Regresso com uma história (e uma tulipa)
Estão a findar os dias de sol e calor. Pelo menos é isso que manda o calendário e, de certo modo, as noites já são frescas, o dia desponta mais tarde, e a cidade está invadida por gente que se dirige para o trabalho indiferente aos cartazes (qual deles o pior) que apelam ao voto dos portugueses.
Eu comprometi-me com a Liliana a ir dando notícia de livros interessantes, que valham a pena, de livros que façam a diferença no meio dos quase cinquenta mil que se editam ou reeditam anualmente. Comprometi-me, mesmo, a passar pelos best-sellers (bons ou maus) sem dizer água vai. Enfim, fui promovido a ajudante honorário da livreira, o género de cavalheiro que está ao balcão, na cavaqueira, e que sugere ao leitor de passagem um livro que provavelmente escaparia a este. Isto, caros leitores, é mais um privilégio da idade do que um reconhecimento do meu eventual bom gosto.
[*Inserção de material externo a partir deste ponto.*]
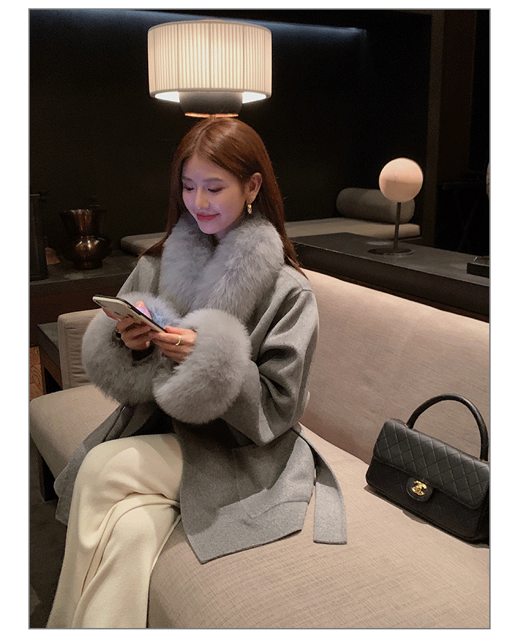 | 毛领和袖口的狐狸毛都是可以拆卸的 |

Mas hoje, não recomendo livro algum (ou melhor, recomendo, sem mais, um John dos Passos acabado de sair: Paralelo 42, o primeiro volume de uma trilogia de altíssima qualidade, escrita trepidante de um intelectual comprometido com o seu tempo e o seu mundo, como alguma vez poderei contar) porque vos quero contar uma história de livros. Aliás duas.
Hoje mesmo, nesta cidade que só por ironia se pode chamar “invicta” (foi conquistada por todos os exércitos que a atacaram, à excepção do miguelista, durante as guerras liberais.) fui por uns livros constantes do catálogo de um dos bons alfarrabistas portuenses. Quando me dispunha a pagar, dei-me conta que não trazia dinheiro suficiente, pelo que tive de procurar uma caixa multibanco. A primeira a que me cheguei estava em greve: não há nada para ninguém era o recado que depois de farta trabalheira com o cartão, os códigos, a indicação da quantia pretendida, nos surgia. Lá tive de procurar outra caixa e, para que esta peregrinação por uns morabitinos que brevemente deixariam de me pertencer valesse a pena, regressei por um caminho diferente. Onde havia um outro alfarrabista. Bem, já que aí estás... e pimba em três minutos contemplava assombrado um livro bonito da Imprensa Nacional com um título tentador: “cinco imagens para Nemésio”. E dentro, oh espanto! Cinco serigrafias (de uma série de 250) lindas de morrer e assinadas pelo Nikias Skapinakis. O Preço (em letra gorda mas já com um desconto de amigo) atirava para os 250€, cinquentinhas por peça. Convenhamos que, pese embora a crise, aquilo era de borla, enfim, era barato, muito barato. Duvido que conseguisse uma pelos 250 do total, quanto mais as cinco. A livreira, era uma livreira, benza-a Deus!, simpática e velha conhecida, disparou “leve e paga quando puder” que eu, já lhe explicara que levantara a massa que trazia com o cartão, pelo que não podia, hoje, ir por mais dinheiro. A coisa, dita assim, é como ditar azeite sobre a chama. Eu, que já estava perdido, nem protestei, meti o livro debaixo da asa e ala que se faz tarde.
Cheguei ao primeiro alfarrabista, paguei e dispus-me a dois dedos de conversa.
Então não é que olho para o chão e dou com um “Tableau de Paris”, dois volumes sumptuosos, mil e quinhentas ilustrações, folhas com cantos dourados enfim uma perdição. Isto quanto vale?, perguntei apenas para fazer conversa. Quando me responderam “cem euros” ia caindo. Se este era o “Tableau...” de Edmond Texier, editado em 1852 e mencionado na Chapitre a 1582 € e noutras instâncias a preços que vão desde 499 a 1500 € então algo de milagroso se passava por ali.
Era exactamente o Texier. Num estado bom que só não era muito bom porque as capas tinham alguns picos em baixo, do uso e da velhice. Por dentro uma beleza. Avisei lealmente o meu amigo alfarrabista que me parecia que o livro devia ser muito mais valioso. “cem euros e nem mais um cêntimo”, retorquiu-me. Se é assim...
É claro que desembolsei 350 euros. Mas também é verdade que, se quisesse vender agora mesmo as minhas duas compras obteria, já o confirmei, três ou quatro vezes mais. Todavia isso não sucederá pela razão simples, mas obscura para os filisteus, que estou louco por ver as serigrafias na parede do escritório enquanto irei lendo com vagar e volúpia o tableau
*na gravura: uma das serigrafias mencionadas.